From 2000 to 2009, physicians and medical examiners noted dementia as a contributing factor on approximately 5% of death certificates. However, previous comparisons of vital statistics to other sources have indicated that dementia is markedly underreported as a cause of death, said University Professor Eileen Crimmins, holder of the AARP Chair in Gerontology and senior author of the study. Deaths attributed to dementia and other cognitive impairment may be vastly undercounted in the U.S., according to a new USC Leonard Davis School of Gerontology-led study conducted with researchers from Boston University and the University of Pennsylvania.
Crimmins and colleagues followed more than 7300 participants in the Health and Retirement Study (HRS), a large, nationally representative longitudinal study of older adults, who were between the ages of 70 and 99 during the study period. Participants were evaluated for dementia, including Alzheimer's disease, as well as cognitive impairment not related to a dementia diagnosis, which can later develop into dementia in some individuals.

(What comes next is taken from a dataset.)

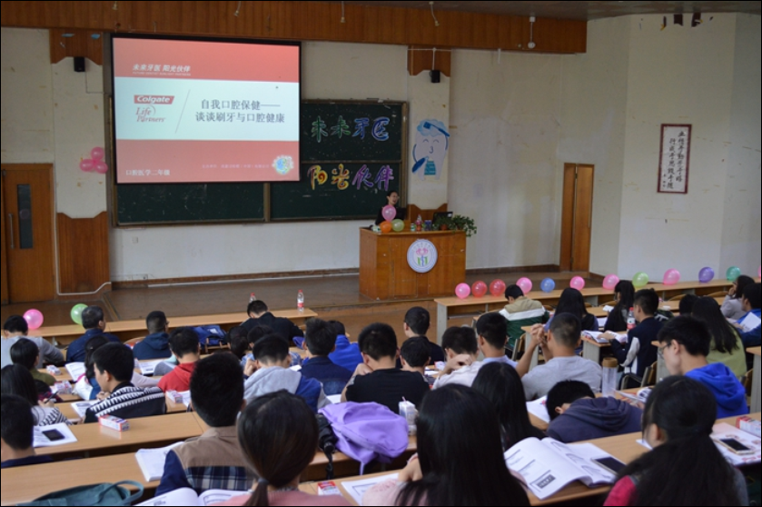 4月17日上午,口腔医学系与高露洁棕榄(中国)有限公司合作的“未来牙医,阳光伙伴”系列知识讲座活动在我校顺庆校区和高坪校区同时举行。口腔医学系主任米方林、高露洁棕榄(中国)有限公司代表叶蓉女士、口腔医学系部分教师等参加讲座,口腔医学系全体学生聆听了此次讲座。

An estimated 5.6 million Americans older than 65 have some form of dementia, of which Alzheimer's disease makes up 80% of cases. In 2017, Alzheimer's and related dementia was the third leading cause of death in the U.S., appearing as an underlying cause of death on nearly 262,000 death certificates.
Understanding what people die of is essential for priority setting and resource allocation," said Andrew Stokes, the study's first author and assistant professor of global health at BUSPH.

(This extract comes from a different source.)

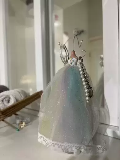 Hermoso Alajero con vestido de tul. Perfecto para el tocador, muy femenino.

"In the case of dementia, there are numerous challenges to obtaining accurate death counts, including stigma and lack of routine testing for dementia in primary care," he said. "Our results indicate that the mortality burden of dementia may be greater than recognized, highlighting the importance of expanding dementia prevention and care."
Dementia-related death higher than reported
When analyzing health histories of the participants who died, 13.6% of deaths were attributable to dementia - more than 2.7 times the rate reported on death certificates from 2000 to 2009.
Underreporting of dementia on death certificates may happen for various reasons, Crimmins explained. Individuals with Alzheimer's or another form of dementia often have multiple health conditions that make identifying underlying causes of death more difficult, and medical certifiers may not be aware of an individual's dementia diagnosis. In addition, cognitive impairment may hamper the person's ability to report symptoms and receive a diagnosis in the first place.
"These findings indicate that dementia represents a much more important factor in U.S. mortality than previously indicated by routine death records," she said.
When CIND, or cognitive impairment not linked to dementia, was included, the overall rate of attributable deaths jumped to 23.8%. While CIND itself is less associated with risk of death, it is much more prevalent than Alzheimer's and related dementias and can eventually progress to a dementia diagnosis.
The data also emphasized large inequities in dementia's mortality. Among Black participants, nearly a quarter of deaths were related to dementia, versus 20.7 % of deaths of Hispanic participants and 12.2% percent of deaths in white individuals. Participants with less than a high school education faced a 16.2% risk of dementia-attributable death, compared to 9.8% of individuals with a college education.
"These disparities in dementia-attributable death reflect the unequal impact of Alzheimer's disease and related dementias we see in previous research," Crimmins said. "This highlights the need to expand research and population-based interventions focused on dementia prevention and care."
The study appeared online in JAMA Neurology on August 24, 2020. Crimmins' coauthors included first author Andrew Stokes, Dielle Lundberg and Wubin Xie of Boston University; Jordan Weiss and Samuel Preston of the University of Pennsylvania; and Research Associate Professor Jung Ki Kim of the USC Leonard Davis School. The study was supported by National Institute on Aging grant P30 AG017265 to Crimmins.